Here is a make-ahead basic pancake batter that you make and store in an airtight container and use as needed.
4 cups all purpose flour
3 T baking powder
2 tsp. baking soda
1 tsp. salt
3 T sugar
Mix all the above ingredients together and store in an air tight container for up to 6 months. I make two batches, then add it all into the jar, so that it will mix well.
ACTUAL PANCAKES:
1 cup pancake mix
1 egg
1 cup milk
1 T melted butter
Lightly whisk the mix, egg, milk, and melted butter in a bowl. It will be a thick batter. Heat a large skillet, melt 1 tablespoon of butter in skillet, spread butter around the skillet. Pour about 1/4 cup of batter on to the skillet for each pancake. Heat each pancake on one side approximately 1 minute, or until bubbles appear, turn and heat on the other side for approximately 1 minute more.
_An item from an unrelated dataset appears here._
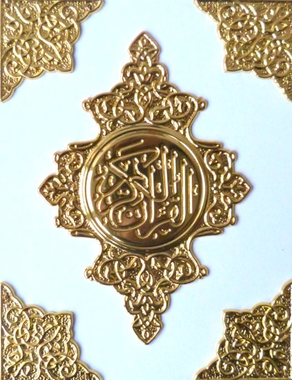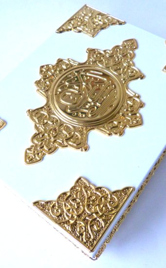 Sur le haut du coffret est inscrit la calligraphie métallique dorée "Al-Qur'ân Al Karîm" (Le Saint Coran) en arabe.

Repeat this process until you make all the pancakes. This amount of batter should make about 12-14 pancakes (depending on the size).
1/2 cup real maple syrup
1 1/2 cup blueberries
Heat the blueberries in the maple syrup in a small pot over medium heat until the blueberries start to pop, stir often. Serve warm over pancakes with a touch of butter and a sprinkle of powder sugar.